I just want to say that I’m not racist. I don’t even see race. Not even my own. People tell me I’m white and I believe them…”  Stephen Colbert

A. The glass ceiling endures: Progress without parity

First, if you don’t believe the “old-boys’ network” still has a presence in the practice of law or in business in general, you’re simply kidding yourself.

I wholly acknowledge and applaud the fact that there are more opportunities for women and minorities today than there were in decades past.

But based on the quality of the current public discourse on the subject matter alone, it’s clearly not the time to unfurl the “Mission Accomplished” banner just yet. The disproportionately few C-Suite members that are women and/or minorities to this day firmly establishes otherwise.4

B. AI is a poison for sure…

Let’s use my daughter’s basketball video to provide an admittedly simplistic illustration of the perils of relying on AI to referee a basketball game.    

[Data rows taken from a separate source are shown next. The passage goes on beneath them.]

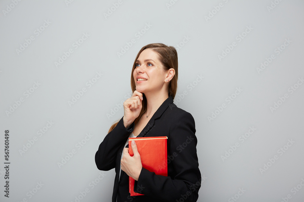 Portrait of thinking girl student or woman teacher.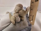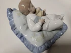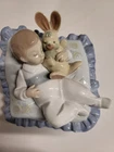 NEW IN BOX Lladro Spain Taking A Snooze Figurine 6791 Sleeping Baby Boy & Bunny. Handmade, Handpainted Porcelain Retired. 4" ht, 6" Length, 5.5" Width. 2# 4 oz wt before packaging for shipment.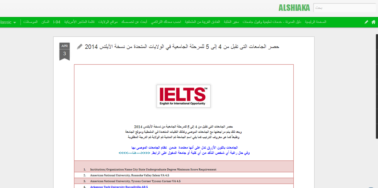 Flex حصر الجامعات التى تقبل من 4 إلى 5 للمرحلة الجامعية في الولايات المتحدة من نسخة الآيلتس 2014

If, e.g., the AI trained solely on this video and the AI were to develop its referee model focused solely on physical contact, the resulting AI ref would, amongst other things:

  1. Never call a foul when a defender runs/jumps out under the shooter, not allowing the shooter to land.
  2. Never call a foul when a teammate blatantly holds a defender to set a screen for a shooter.
  3. Always call a foul when a defender is in the vicinity and the ballhandler falls down.
  4. Never call a foul when a defender does a chasedown on a breakaway and absolutely mauls the person driving to the basket for a layup.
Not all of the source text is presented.